论文标题
使用进化计算和深度加强学习的机器人抓手操作
Robotic Grasp Manipulation Using Evolutionary Computing and Deep Reinforcement Learning
论文作者
论文摘要
对于机器人来说,掌握智能对象操纵是一个具有挑战性的问题。与机器人不同,人类几乎立即知道如何操纵由于多年来学习而引起的抓握物体。由于多年来的学习技巧,一个成年的女人比孩子更熟练地掌握物体,而在当今的机器人握把上的缺席迫使其在人类物体上掌握基准测试的良好表现。在本文中,我们通过将问题分解为位置和方向学习来制定基于学习的姿势估计的挑战。更具体地,对于掌握位置估计,我们探索了三种不同的方法 - 一种基于遗传算法(GA)的优化方法,以最小化计算的图像点和预测的终端效果(EE)位置之间的误差,一种基于回归的方法(RM),基于回归的方法(RM),在该方法中,机器人EE和图像点的数据点已通过线性模型(pseudmand)模型(PSEUD)模型进行了回归,该模型是一种模型,该模型是PSEIRIST的形式,该模型是MOMPERIIST的模型。机器人EE位置和几个观测值的图像点。进一步的掌握方向学习,我们开发了深入的增强学习(DRL)模型,我们将其命名为GRASP DEEP Q-NETWORK(GDQN),并通过修改后的VGG16(MVGG16)对结果进行了基准测试。严格的实验表明,由于产生非常高质量的解决方案来进行优化问题和搜索问题的固有能力,基于GA的预测器的性能比其他两个模型进行位置估计要好得多。为导向学习结果表明,通过GDQN的策略学习优于MVGG16,因为GDQN体系结构是专门用于强化学习的。根据我们提出的架构和算法,机器人能够抓住所有具有常规形状的刚体。

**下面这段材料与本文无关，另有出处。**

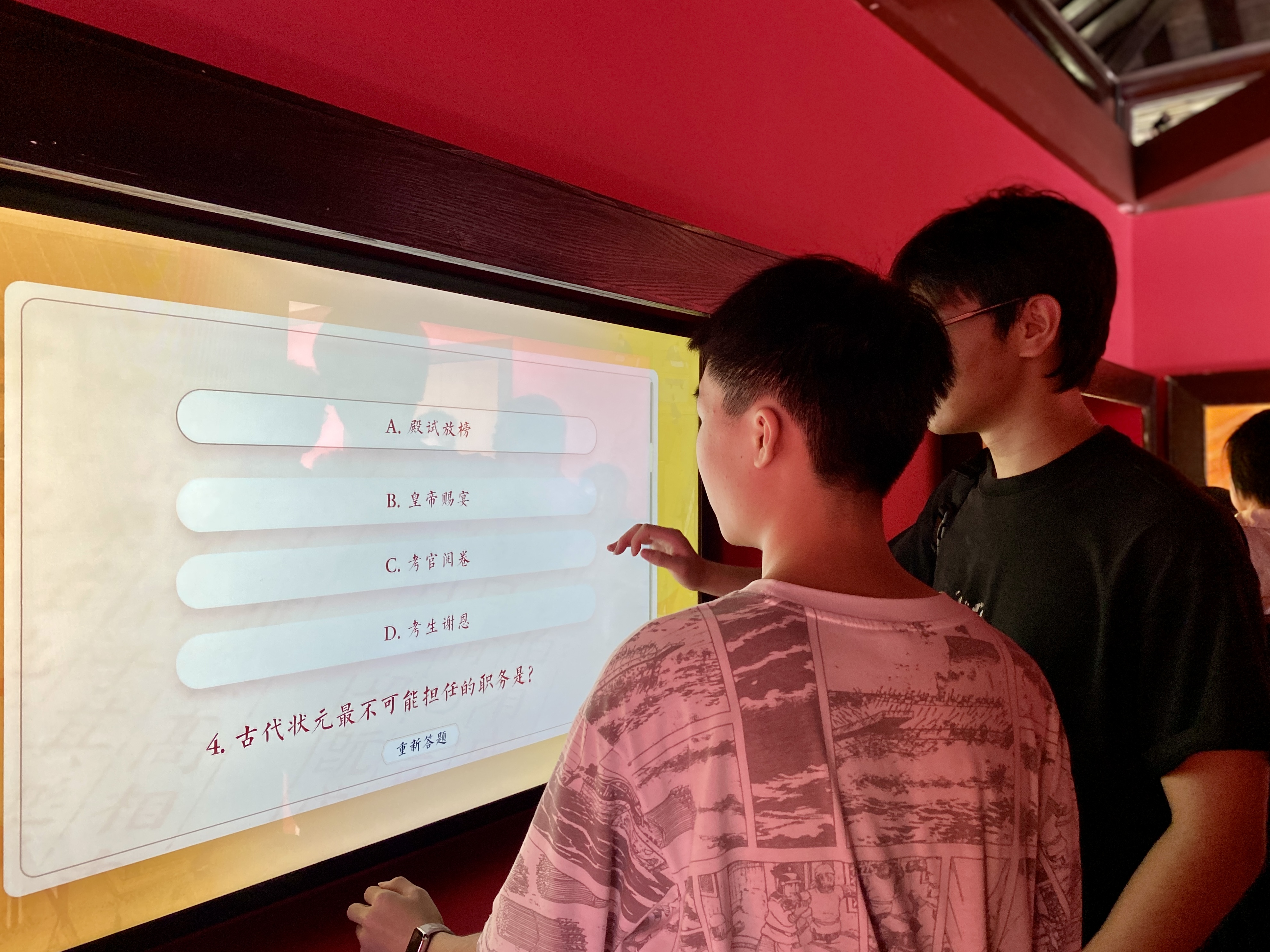 此外,“金榜题名”互动展项以“科举取士”的传统仪轨为原型,融合触屏交互、即时评分等技术,学生通过触屏选择答案,答题结束后,系统会根据正确率即时评定“状元”“榜眼”“探花”的等级,实现从“机械答题”到“文化浸润”的升级。(付远书)

Intelligent Object manipulation for grasping is a challenging problem for robots. Unlike robots, humans almost immediately know how to manipulate objects for grasping due to learning over the years. A grown woman can grasp objects more skilfully than a child because of learning skills developed over years, the absence of which in the present day robotic grasping compels it to perform well below the human object grasping benchmarks. In this paper we have taken up the challenge of developing learning based pose estimation by decomposing the problem into both position and orientation learning. More specifically, for grasp position estimation, we explore three different methods - a Genetic Algorithm (GA) based optimization method to minimize error between calculated image points and predicted end-effector (EE) position, a regression based method (RM) where collected data points of robot EE and image points have been regressed with a linear model, a PseudoInverse (PI) model which has been formulated in the form of a mapping matrix with robot EE position and image points for several observations. Further for grasp orientation learning, we develop a deep reinforcement learning (DRL) model which we name as Grasp Deep Q-Network (GDQN) and benchmarked our results with Modified VGG16 (MVGG16). Rigorous experimentations show that due to inherent capability of producing very high-quality solutions for optimization problems and search problems, GA based predictor performs much better than the other two models for position estimation. For orientation learning results indicate that off policy learning through GDQN outperforms MVGG16, since GDQN architecture is specially made suitable for the reinforcement learning. Based on our proposed architectures and algorithms, the robot is capable of grasping all rigid body objects having regular shapes.